Together, despite their differences, these three stories of widows share a few things in common. In all three stories, the widow or widows are clinging to the bottom rung of the social and economic ladder, in danger of falling off. In all three stories, the widows gain divine favor—the widow of Mark by her contribution to the temple, the widow of Zarephath by feeding Elijah, and Naomi and Ruth by their efforts which led to the birth of the ancestor of King David and (for Christians) Jesus. In all three stories, the widows serve as a contrast against which the rest of society can be judged or evaluated.
My only wish is that these biblical texts would take it one step further, and comment on the conditions of widowhood in the first place, and demand justice for the widows whose suffering animates the stories in the first place. Certainly the Bible does this in many places; widows are part of a consistent trio of kinds of people to whom Israelites are commanded to show hospitality, alongside orphans and immigrants/foreigners. (A version of this happens in Psalm 146, in verse 9, which is also in the lectionary this week). But in these stories this week, widows’ situations are the stage upon which drama plays out, not the focus of the drama itself. Widows’ suffering is a plot engine, but it’s not necessarily an engine for reconsidering the structure of society.

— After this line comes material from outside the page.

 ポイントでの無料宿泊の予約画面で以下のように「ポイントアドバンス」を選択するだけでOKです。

As we read these stories in our own time and place, and as we interpret these texts against the background of our own reconsideration of the structure of society in the wake of an election, perhaps it is a good time for us to ask how we can use these stories to interrogate the inequalities and injustices in our own world. It might be a good time to ask how we can find stories like these—stories of people who have fallen to the bottom rung of the ladder, who are suffering and on the verge of ruin—and intervene in their suffering by working to make the world a little more just. It’s a good thing to recognize the plight of marginalized people, and it’s a good thing to imagine the ways divine favor might flow to them. But, to my mind, it’s all the better to also take the next step—to find out how and why people end up on those margins, to ask who is served by that marginality, and to build a more inclusive and just world where something like the death of a partner (or the loss of a job, or a diagnosis, or an accident, or political turmoil, or a thousand other things) isn’t the end of someone’s thriving and flourishing life.

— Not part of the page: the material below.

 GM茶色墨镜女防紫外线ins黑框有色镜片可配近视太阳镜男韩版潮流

It seems to me that almost every story in the Bible is incomplete (except, possibly, the crazy quilt that is Job) in many and various ways, some which you described here. Maybe we need to "fill in the blanks" ourselves to help us more fully understand.

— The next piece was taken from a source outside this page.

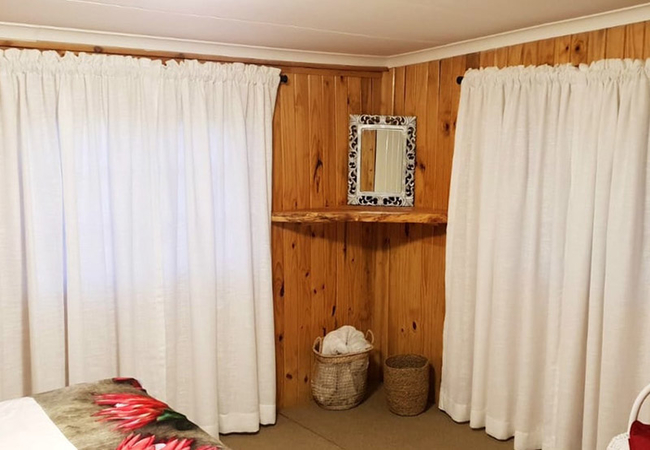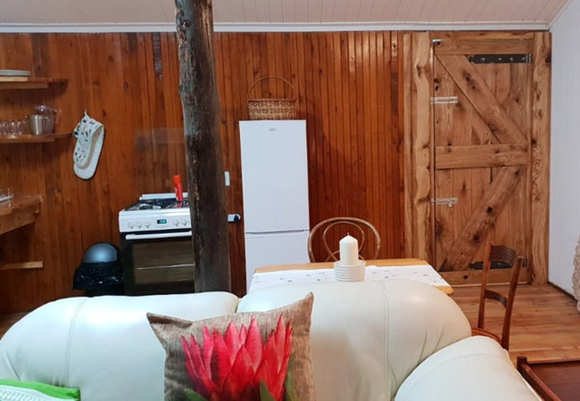 Woodys Cabin is a private cottage, well-equipped with everything guests may need for a truly comfortable stay. The cottage consists of one bedroom, one bathroom, a large kitchen and a lounge area. The bedroom makes use of a King-size bed and an en-suite bathroom with a shower, toilet and a basin. Linen is supplied. The cosy living area, which opens onto a private verandah, is furnished with a comfortable sleeper couch for a child, a fireplace and a TV with DStv / satellite channels. The fully equipped kitchen is perfect for self-catering and includes a microwave, stove, toaster, fridge / freezer, kettle and ironing facilities. Outside on the undercover verandah is outdoor furniture for guests to enjoy the gorgeous mountain views that are on offer. The peaceful walks or hikes can be enjoyed in the surrounding area.

Even if we interrogate economic injustice (and gender injustice, here), we still are confronted with the injustice of Nature: one child lives, another dies. A flood washes away one town, spares another. One sex is given the risks and vulnerabilities of childbearing; the other isn’t. We can’t get away from confronting the cruelty to the point of malice (from our human POV) in the very design. We can ameliorate it with laws, science, kindness. But isn’t that a human face of the heresy that the Son comes to save us from the Father? (Not that we should *stop* our efforts!) I have zero answers. Good homily!